While in Korea, Shin Dong-joo continued to launch a salvo against his brother, Chairman Shin Dong-bin. He appeared on a prime-time news program on KBS on Thursday to reiterate his claim that his father wanted to remove Dong-bin from Lotte Holdings.

He also brought documents he claimed were written by Shin Kyuk-ho that directed the younger brother’s dismissal.

As the family feud intensifies, observers have theorized that the conglomerate’s dispute over its succession was always destined due to the corporate structure of Lotte, which operates both in Korea and Japan.

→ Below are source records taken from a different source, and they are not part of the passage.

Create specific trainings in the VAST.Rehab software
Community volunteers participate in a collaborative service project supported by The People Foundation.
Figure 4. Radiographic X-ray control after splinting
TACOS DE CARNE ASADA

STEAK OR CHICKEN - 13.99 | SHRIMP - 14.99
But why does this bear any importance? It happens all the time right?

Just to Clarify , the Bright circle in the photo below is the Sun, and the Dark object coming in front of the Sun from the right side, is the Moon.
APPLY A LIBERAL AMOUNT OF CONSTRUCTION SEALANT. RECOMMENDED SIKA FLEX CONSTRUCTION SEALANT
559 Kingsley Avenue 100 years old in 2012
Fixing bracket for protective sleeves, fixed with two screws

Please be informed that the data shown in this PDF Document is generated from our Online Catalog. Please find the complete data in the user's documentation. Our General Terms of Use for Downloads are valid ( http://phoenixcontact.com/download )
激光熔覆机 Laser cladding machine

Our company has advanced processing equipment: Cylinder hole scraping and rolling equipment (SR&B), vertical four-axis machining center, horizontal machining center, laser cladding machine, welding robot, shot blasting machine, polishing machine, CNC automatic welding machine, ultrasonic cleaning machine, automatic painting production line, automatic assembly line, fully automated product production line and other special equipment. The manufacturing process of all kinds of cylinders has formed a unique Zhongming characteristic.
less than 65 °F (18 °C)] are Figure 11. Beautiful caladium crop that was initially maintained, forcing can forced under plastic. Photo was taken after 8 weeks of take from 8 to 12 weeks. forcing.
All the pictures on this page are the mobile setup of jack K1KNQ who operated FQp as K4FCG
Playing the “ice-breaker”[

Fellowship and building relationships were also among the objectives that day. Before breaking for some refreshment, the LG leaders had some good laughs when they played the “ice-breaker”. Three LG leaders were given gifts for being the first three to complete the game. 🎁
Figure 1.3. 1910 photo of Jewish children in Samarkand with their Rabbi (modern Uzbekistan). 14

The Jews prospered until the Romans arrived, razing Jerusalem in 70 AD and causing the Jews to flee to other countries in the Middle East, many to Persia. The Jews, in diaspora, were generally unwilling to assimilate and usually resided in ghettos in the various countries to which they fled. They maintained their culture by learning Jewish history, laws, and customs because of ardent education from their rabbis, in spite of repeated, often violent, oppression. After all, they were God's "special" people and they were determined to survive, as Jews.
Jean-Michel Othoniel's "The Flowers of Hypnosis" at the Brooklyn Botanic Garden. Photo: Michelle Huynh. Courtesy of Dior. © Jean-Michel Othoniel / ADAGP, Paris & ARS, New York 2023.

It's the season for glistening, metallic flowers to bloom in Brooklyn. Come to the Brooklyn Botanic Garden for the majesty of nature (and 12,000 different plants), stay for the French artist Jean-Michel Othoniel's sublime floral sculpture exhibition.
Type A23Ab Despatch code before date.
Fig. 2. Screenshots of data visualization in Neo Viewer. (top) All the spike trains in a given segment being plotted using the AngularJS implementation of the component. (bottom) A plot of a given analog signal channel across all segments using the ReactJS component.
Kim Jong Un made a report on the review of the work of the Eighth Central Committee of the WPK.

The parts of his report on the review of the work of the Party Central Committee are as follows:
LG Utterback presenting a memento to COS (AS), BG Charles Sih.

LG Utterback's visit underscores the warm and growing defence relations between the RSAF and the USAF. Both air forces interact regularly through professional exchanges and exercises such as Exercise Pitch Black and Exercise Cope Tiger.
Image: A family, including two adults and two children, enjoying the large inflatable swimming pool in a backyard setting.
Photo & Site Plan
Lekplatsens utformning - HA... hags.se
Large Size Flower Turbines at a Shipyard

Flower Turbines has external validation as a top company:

Sales of the operations in Korea are far higher than those in Japan. In 2013, for example, Lotte Group affiliates reported combined revenues of 83 trillion won ($70 billion), making it the fifth-largest company in Korea. By contrast, Japan’s Lotte Group posted just 5.7 trillion won in sales the same year. But despite the discrepancy, Japan’s Lotte Holdings is at the top of Lotte’s complex cross shareholding structure.

“Many have warned that this type of business structure needs to be changed,” said a source with knowledge on the matter. “But Shin Kyuk-ho insisted on maintaining the structure.”

Lotte kept its management split, wherein Shin Dong-joo runs Lotte Holdings and Shin Dong-bin operated the Korean business until recently.

Tensions arose once Dong-joo started building up shares in key Lotte affiliates in Korea in 2013. In January, the older son was ousted as the vice chairman of Lotte Holdings.